The influence of reinnervation on the results of peripheral nerve repair after injuries

Nerve damage triggers complex molecular processes within the cell that are necessary for the process of axon regeneration, and thus for restoration of functional potential in patients with structural changes in peripheral nerves [1]. Advances in neurosurgery using modern microsurgical techniques have resulted in more effective regeneration of degenerated nerves [2]. Nevertheless, at the functional level, these results have still been unsatisfactory [3]. When the axon has undergone processes of impingement, crushing, or stretching, a process of Wallerian degeneration occurs [4]. During the process of nerve reconstruction, Schwann cells are involved in the remyelination process, but the myelin sheath that is formed is much thinner than before the damage and thus results in changes in the conduction of nerve impulses [5]. At the molecular level, markers indicative of the nerve reconstruction mechanism include transcription factors such as MYC [6], HIF1α [7], CREB1 [8,9], SOX11 [10,11,12,13,14], TP53 [15,16], and SRF48 CZY XBP1 [17,18]. Their exact mechanisms of action are still unknown, and the list of possible candidates for transcription factors involved in repair processes is constantly being updated with new proteins. Hence, there is an ongoing need to search for methods to gain a large-scale understanding of the factors involved in the regeneration of nerves undergoing degeneration [1]. Research by Marcol et al. (2003) has demonstrated the importance of predigested nerves in the mechanism of enhancing morphological features indicative of regenerative processes within peripheral nerves in rats [19].
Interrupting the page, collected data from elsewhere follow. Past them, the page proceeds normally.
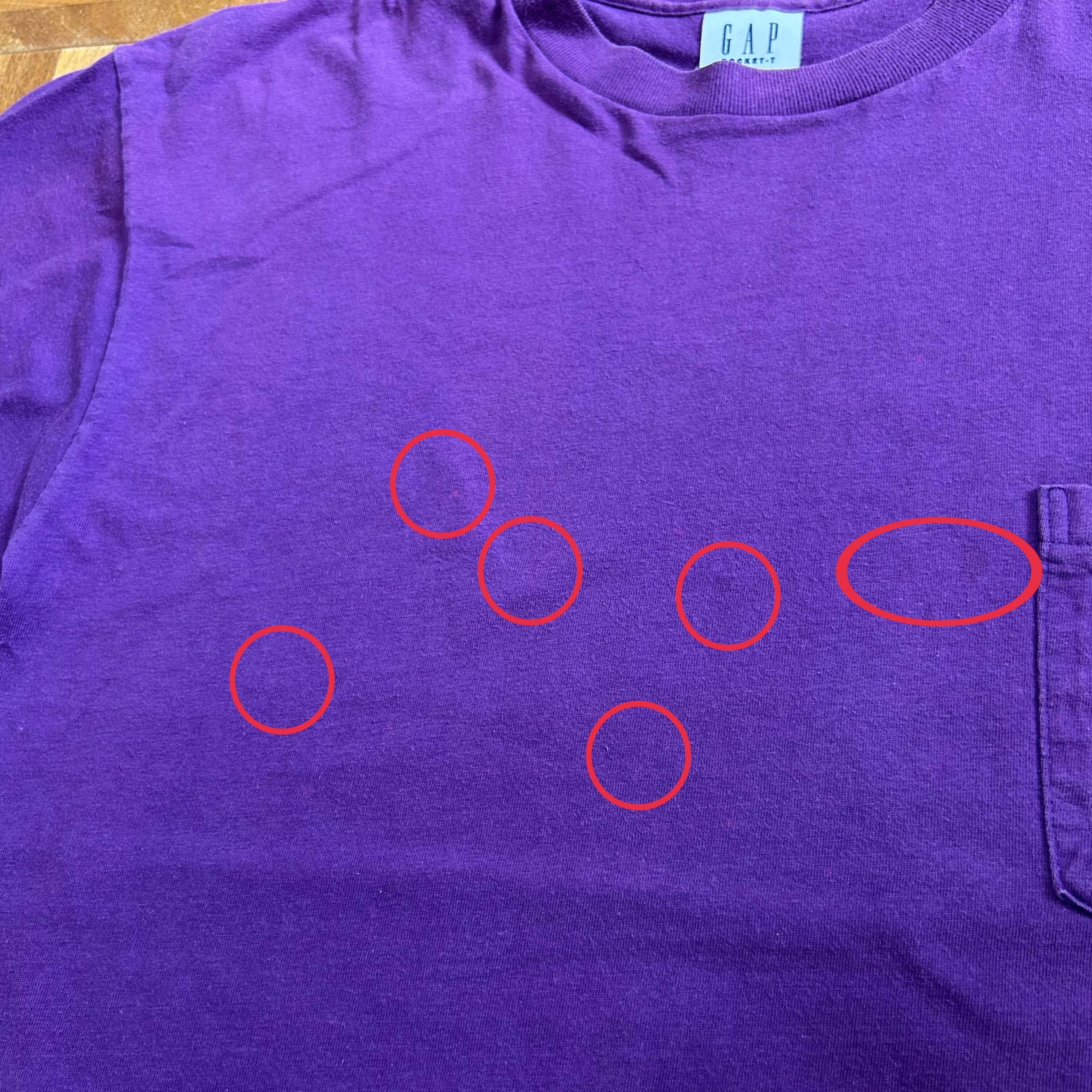左肩下に1㎜程度のピンホールあり。右袖、胸辺り、バック腰に薄汚れ数カ所あり。
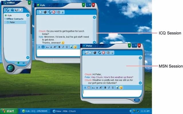 在推特之前,微软的MSN Messenger,谷歌的Google Talk以及余威仍在的AIM、ICQ等等都可以开放协议互联互通。所以,苹果Mac系统自带的聊天工具,以及Trillian等第三方客户端都可以跟官方用户交流。
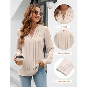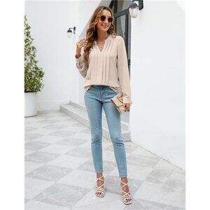 New Long Sleeve V-Neck Pleated Blouse - Dressy Casual Business Work Top, Apricot
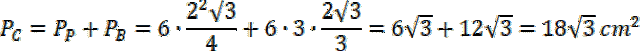 Następnie zauważ, że pole trójkąta równobocznego o boku
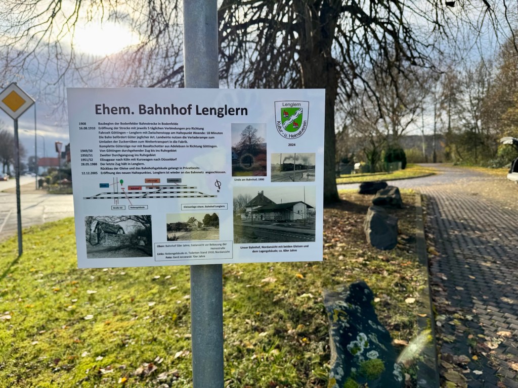Vor der Bahnhofslinde, die 1910 zur Eröffnung der Bodenfelder Bahn gepflanzt wurde und noch heute auf dem Platz vor unserem Bahnhaltepunkt steht, ist künftig die Geschichte des Lenglerner Bahnhofes nachzulesen.
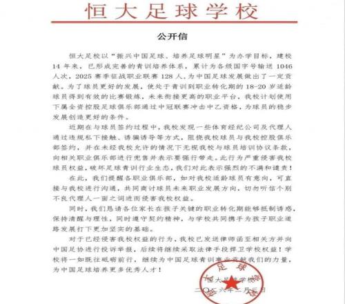 拒绝为他人做嫁衣裳!日前,恒大足校罕见公开发文谴责这种现象(上图)。表示有些体育经纪公司私底下挖角这些U17青训精英,损害了恒大足校的利益和青训生态。
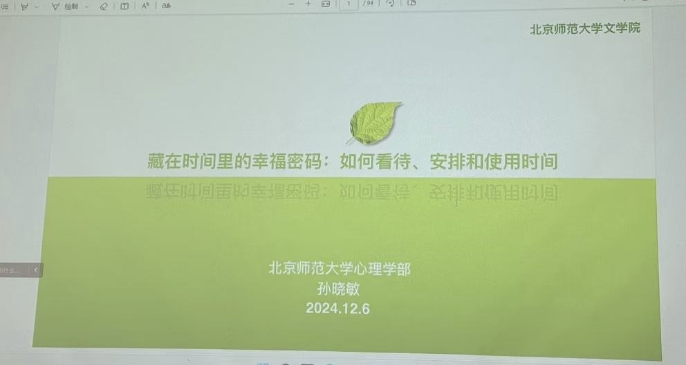 会议首先邀请心理学部孙晓敏教授为班主任开展培训,她讲座的主题是“藏在时间里的幸福密码:如何看待、安排和使用时间”,针对班主任日常工作中容易遇到的时间碎片化、时间安排冲突等“时间贫困”痛点,从时间意识建立、时间使用统计、时间安排方案等多个角度为班主任工作赋能。
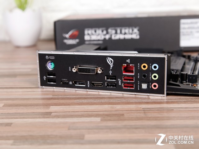 背板部分,该产品采用了以往只有ROG高端系列产品中才使用的一体化背板设计,不仅带有丰富的视频接口,同时基于B360芯片组的新特征,还为用户提供了原生USB3.1Gen2高速接口。网络部分搭载了Intel1219V高速千兆网卡,配合华硕独有的ROGGameFirstIV及LANGuard能够确保网络环境的稳定。

This research on neuritis regeneration has been conducted in Physiology Department, Medical University of Silesia. Regeneration in adult mammals shows significant differences when a microsomal fraction of predegenerated nerves was used (the ischial nerve of adult rats was cut seven days earlier and left in situ until collection). Based on this research, predegenerated nerve grafts were examined as a method of nerve-injury surgery in the Neurosurgery Department of the Medical University of Silesia. This new method was established in patients with injuries to their radial, ulnar, or medial nerves. The sural nerve (graft) was cut seven days before reconstruction. Its distal section was marked and left in situ until the final reconstruction procedure. Microsurgical reconstruction of the injured antebrachial nerve was performed after seven days. The distal and proximal stumps of the reconstructed nerve were localized and refreshed; epineurium was cut to show individual fascicles. The predegenerated sural nerve was collected, and two or three nerve cables were implanted and provided with perineural suture (10.0 monofilat) without tension.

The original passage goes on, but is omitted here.